The problem with nested data structures
When you pull data from an external service such as a contact details API, the data is usually provided in the JSON format. This format organizes data into hierarchies which makes it challenging to convert the data into a table. Whichever way you decide to do it, you’ll probably have to make some kind of compromise.
Here’s an example of the raw data before it was converted into the Data Table from the previous screenshot.
How do you turn this into a table? There are a couple of ways to do it. One way is to use the UNNEST
function.
However, the UNNEST
function can sometimes result in some duplicated data which we can see in the previous example.
Why UNNEST can cause duplicate rows
To understand why duplicate rows show up in our example, let’s look at the structure of the raw data has changed. As mentioned earlier, Data Tables use the UNNEST
function to convert JSON data into a tabular format.
The following illustration shows how the data is structured before and after the UNNEST
function is applied.
Before UNNEST was applied
There were data categories that had subcategories such as “phonenumber” which contains the subcategories. “type “ and “number”.
- In total, there are 4 subcategories:
1) phone number type, 2) email type, 3) phone number 4) email address.
After UNNEST was applied
After UNNEST
, all subcategories are removed, and are converted into top-level categories such as phonenumber.number
, phonenumber.type
— these correspond to columns in a table.
- There are now 4 columns — one for each of the 4 top-level categories.
- There are now 6 rows — one for each combination of values such as home phone number and primary email.

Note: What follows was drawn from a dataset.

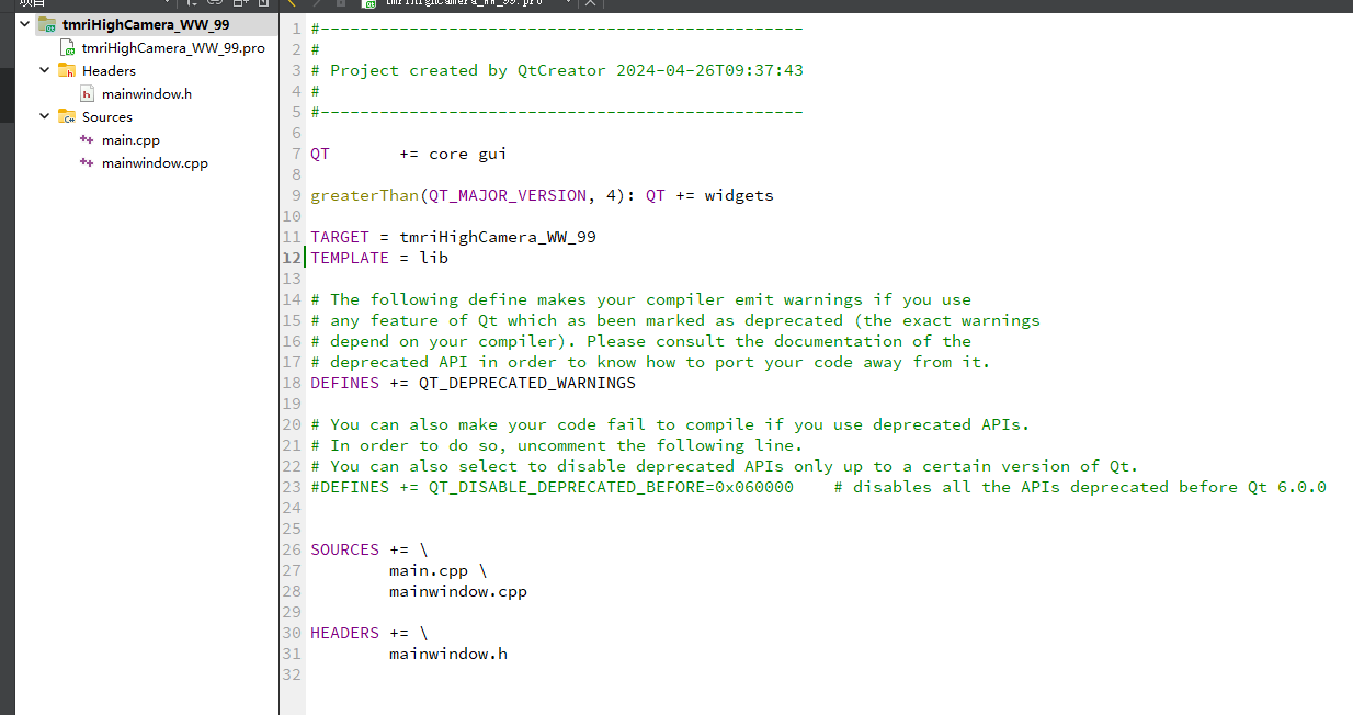 打开pro文件,因为我们创建的是app,需要的是dll,修改app->lib,注意不是dll

These combinations are calculated by multiplying the variants for each subcategory together:- For “number type”, there are 3 variants:
1) mobile number, 2) home number 3) work number. - For “email type”, there are 2 variants:
1) primary email, 2) secondary email. - Therefore: 3 number types * 2 email types = 6 combinations/rows for one contact (which is why "Baltesar de Briho" is repeated 6 times).

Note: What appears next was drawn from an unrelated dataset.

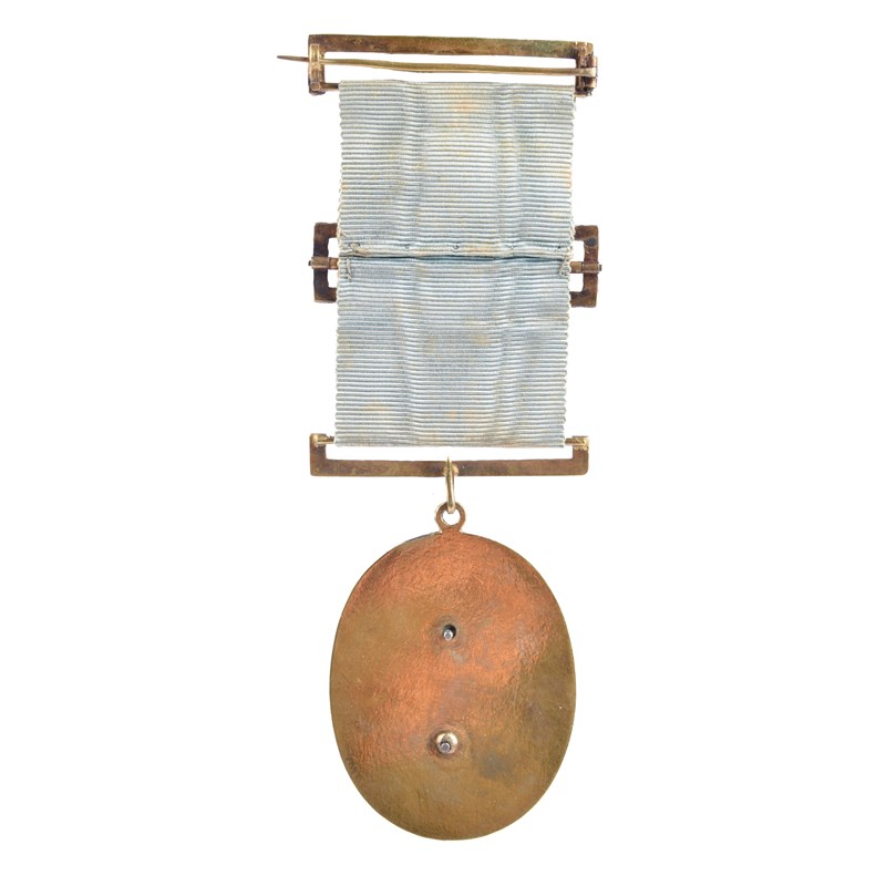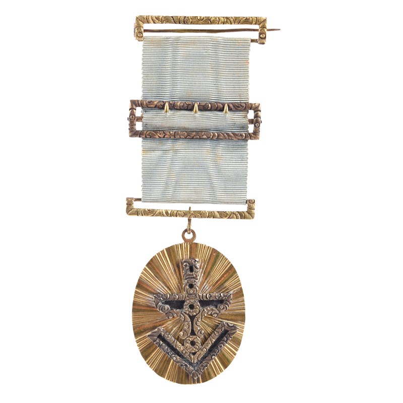 Freemasonry: a gilt-metal symbolic jewel, oval form 40mm, applied level and square with flower-cut detailing, radially fluted ground, upper and lower suspension bars and ribbon buckle all formed of flower-cut bars, good very fine or better.

- For “number type”, there are 3 variants:
So, what can you do about this? You can try to flatten the data by adding more columns instead of rows.
Reducing duplication with FLATTEN
You can solve this problem with a similar function called FLATTEN
. This function tries to add more columns instead of adding more rows.
Here’s an example of what the data from our previous example looks like if we use FLATTEN
instead of UNNEST
.
Look at that! No more duplicate rows for each contact. But our table is now very wide because instead of 6 rows, we have 6 pairs of columns for each of our data variants (12 columns in total).
As you can see, how you handle duplication depends on the structure of your data and whether you prefer wider tables or taller tables.
- If your data contains data categories that have many subcategory variants (such as
"country": “america” { "state": "alabama"; "state": "alaska"
- 48 more variants of
"state"
), you’re probably better off sticking withUNNEST
so that the variants are inserted into rows.
- 48 more variants of
- If your data contains a manageable number of subcategory variants (such as in our previous example), it might be better to put the variants in columns with
FLATTEN
.